REPUBLIKA.CO.ID, NEW YORK -- PBB, Uni Eropa dan organisasi global lainnya mendesak Irak untuk bergabung dengan Mahkamah Pidana Internasional (ICC). Desakan ini diungkapkan agar nantinya, pemimpin Negara Islam, atau ISIS, Abu Bakr Al-Baghdadi dapat dituntut atas kejahatan dan pelanggaran hak asasi serta pembunuhan di Irak.
Sebab bagi tanpa bergabung ICC, Irak tak dapat menyeret organisasi ekstremis seperti ISIS ke pengadilan internasional di Den Haag, Belanda.
"Tanpa Irak bergabung ICC, Baghdadi tidak bisa dibawa ke sana (pengadilan), karena ia adalah warga negara Irak," kata Balkees Jarrah, pakar hukum dari Human Rights Watch, dilansir Rudaw, Jumat (1/5).
ICC, kata dia, baru bisa menjerat pelaku kejahatan perang dan kejahatan terhadap kemanusiaan, misalnya pelaku utama dalam konflik di Rwanda dan Yugoslavia. Suriah dan Irak tidak menandatangani Statuta Roma yang merupakan dasar ICC. Pengadilan memiliki yurisdiksi untuk menangani kejahatan ISIS dilakukan di negara-negara dalam statuta Roma.
"ICC adalah pengadilan terakhir dan hanya bekerja di saat otoritas nasional tidak mampu," kata Jarrah.

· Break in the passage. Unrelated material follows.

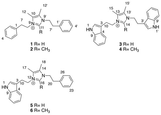 Structures of bacillimidazoles A–F (1–6) with central imidazolium numberings indicated for each subgroup.

Sementara itu, pemimpin ISIS Abu Bakr Al-Baghdadi diduga terluka parah di bagian tulang belakang. Dilansir Guardian, Selasa (28/4) dilaporkan Baghdadi hingga saat ini masih hidup. Tetapi dia tidak dapat bergerak akibat cidera saat serangan udara Maret lalu.